With `mclapply` you can set the argument `mc.set.seed = TRUE`, which is the default. This will give different seeds for each process, but for safety, you should choose the L'Ecuyer algorithm via `RNGkind("L'Ecuyer-CMRG")` before running `mclapply`.

#### 5.2.2 foreach

For foreach, you can use `registerDoRNG`:

```{r, foreach-rng, eval=FALSE}
library(doRNG)
library(doParallel)
registerDoParallel(4)
registerDoRNG(seed = 1)
## Now use foreach with %dopar%
```

#### 5.2.3 mclapply

When using *mclapply*, you can use the *mc.set.seed* argument
as follows (note that *mc.set.seed* is TRUE by default, so you
should get different seeds for the different processes by default),
but one needs to invoke `RNGkind("L'Ecuyer-CMRG")`
to get independent streams via the L'Ecuyer algorithm.

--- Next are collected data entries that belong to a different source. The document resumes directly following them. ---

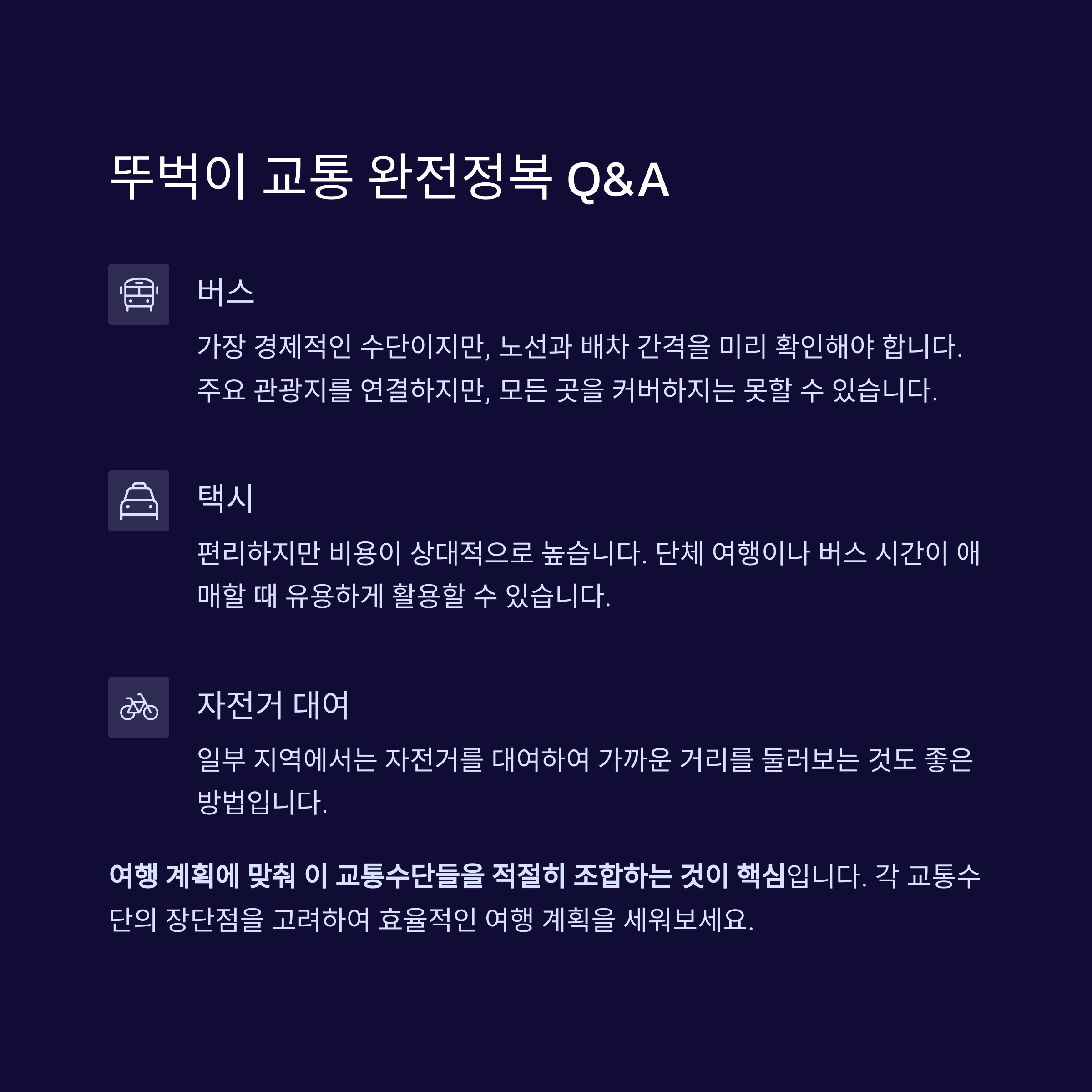 여행 계획에 맞춰 이 교통수단들을 적절히 조합하는 것이 핵심입니다.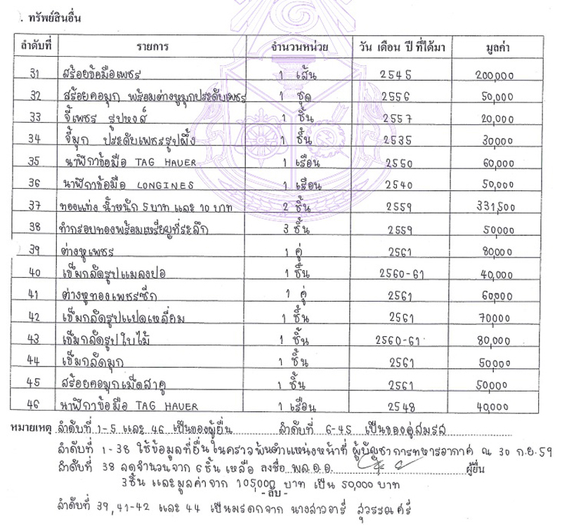 ส่วนทรัพย์สินอื่น ๆ ของ พล.อ.อ.ตรีทศ และ พล.อ.ท.หญิง อุดมลักษณ์ มีทั้งหมด 45 รายการ ส่วนใหญ่เป็นเครื่องประดับ และพระเครื่อง รวมมูลค่า 3,626,500 บาท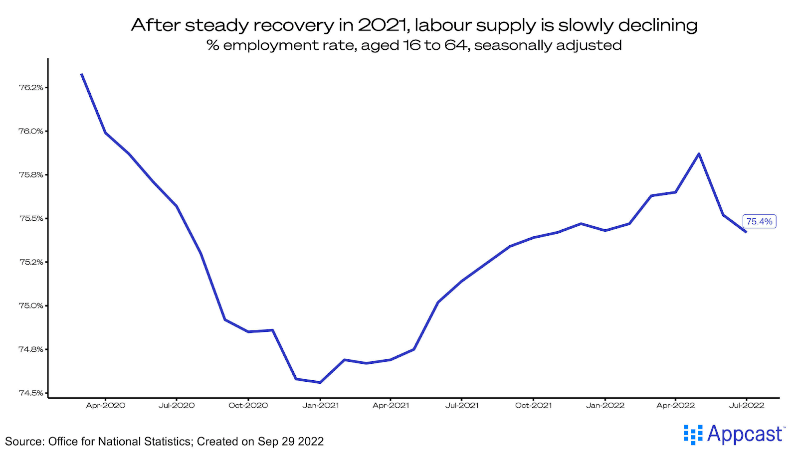 Demand for labour is way up in the U.K. – but job seekers are missing. The post-pandemic jobs recovery faltered as labour supply slipped steadily in 2022. The employment rate has dropped to just 75.4% – way down from pre-pandemic levels and even from earlier this year.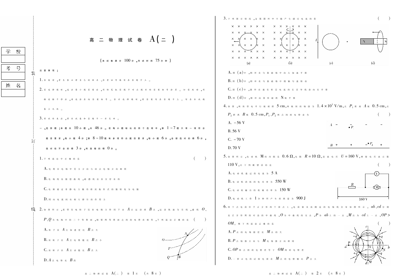 新时代高中教育联合体2025年11月高二学年期中联考巩固卷(二)物理A.pdf

```{r, RNG-mclapply, eval=FALSE}
library(parallel)
library(rlecuyer)
RNGkind("L'Ecuyer-CMRG")
res <- mclapply(seq_len(Y), looFit, Y, X, mc.cores = 4, 
    mc.set.seed = TRUE) 
```

## 6 The *partools* package

*partools* is a package developed by Norm Matloff at UC-Davis. He has the perspective that Spark/Hadoop are not the right tools in many cases when doing statistics-related work and has developed some simple tools for parallelizing computation across multiple nodes, also referred to as *Snowdoop*. The tools make use of the key idea in Spark/Hadoop of a distributed file system and distributed data objects but avoid the complications of trying to ensure fault tolerance, which is critical only on very large clusters of machines.

I won't go into details, but *partools* allows you to split up your data across multiple nodes and then read the data into R in parallel across R sessions running on those nodes, all controlled from a single master R session. You can then do operations on the subsets and gather results back to the master session as needed. One point that confused me in the *partools* vignette is that it shows how to split up a dataset that you can read into your R session, but it's not clear what one does if the dataset is too big to read into a single R session.